You're reading: Peculiarities of the moratorium on inspections in Ukraine, with examples of inspections carried out by The State Emergency Service of Ukraine

The State Emergency Service of Ukraine (SESU) carries out state supervision (checks) to identify and prevent violations of legislation by business entities, and also to protect the interests of the community through carrying out scheduled and unscheduled inspections.

There has been a moratorium on conducting business audits in Ukraine since 2014.

However, from year to year, at the level of laws and regulatory legal acts, and exceptions to the general rule are being established. Today, the list of such exceptions is so great that the use of the term “moratorium” seems questionable.

For instance, resolution No. 1104 of the Cabinet of Ministers of Ukraine as of 18.12.2017 approved a list of state supervision bodies to which the moratorium does not apply.

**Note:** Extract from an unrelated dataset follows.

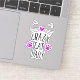 Uma senhora de gato maluca em maiúsculas sans com letra escrita à mão, com duas estampas de pata rosa neon e um rosa que serve como nariz de gato com bigodes pretos e dois ouvidos de triângulo.

Among them are the SESU and its territorial bodies (in relation to the implementation of state supervision (checks) on institutions for the rehabilitation and recreation of children, boarding schools, pre-school institutions, general secondary education, vocational and specialized education, as well as business entities with a high degree of risk).

In practice, however, even the statutory grounds are not sufficient for SESU bodies. Often, government officials interpreted statutory exemptions freely. As the result, the rights and interests of economic entities are violated.

For example, the bodies of SESU carry out unscheduled inspections based on decisions of investigating judges, issued in criminal cases, which often have no relation to any economic entity.

And in fact, the Criminal Procedural Code of Ukraine does not provide the possibility for the investigating judge to make any such decisions, but does establish an exhaustive list of decisions of the investigating judge that can be appealed against separately from the verdict. As a result, a decision that is not provided for by the law can exist that is impossible to appeal against from a formal point of view. Confirmation of this is the huge number of decisions of the courts of appeal on this topic throughout Ukraine.

This is happening as follows: an appeal by law enforcement bodies with a procedural request within the framework of a certain criminal case is satisfied by the investigating judge. At the same time, the entities in respect of which the audit is planned are not called to the court session.

Economic entities are increasingly appealing such decisions in cassational procedures.

Several of these cases are under consideration now by the Grand Chamber of the Supreme Court of Ukraine.

Concerning the inspections, it seems that their main goal is to stop economic activity. Inspectors try to “detect” as many violations as they can, even those that do not exist, or which can be eliminated at the time of verification.

If a violation is detected, an act is drawn up. On its basis, the body of the SESU, if there are grounds for a complete or partial suspension of proceedings, applies with an appropriate claim to the administrative court.

If other measures of response are necessary, an improvement notice, an order, or another administrative document are prepared to rectify the violations discovered. As a rule, a month is provided by the SESU for rectifying violations.
The key factor in deciding whether to completely or partially suspend production, based on the rule of law, is the existence of justification. The legal basis for the application of this type of response is danger to life and / or human health.

A systematic analysis of the rules, incl. rules of proceedings (a decision must be taken by a court), allows us to assert that the claim for the application of such response measures should be justified by the SESU authorities – in accordance with the adversarial principle of the parties.

A decision on the application of such response measures has to be justified, proceeding from the general requirements established in procedural law.

Experience has shown that in most cases, the courts are on the side of the inspectors, and often take unreasonable decisions to stop the operation of objects of various purposes based on a single inspection report (act) drawn up by the bodies of the SESU.

We hope that the newly formed Supreme Court will analyze the practice of considering such disputes within the context of Art. 19 of the Constitution of Ukraine, and will take a position that takes into account not only the interests of the state, but also those of business.

Until then, we recommend you carefully check the documents by which inspectors justify the right to conduct a check for their completeness and correctness of registration since, in the case of non-compliance (in the case of denial of access to inspection), fines can be avoided.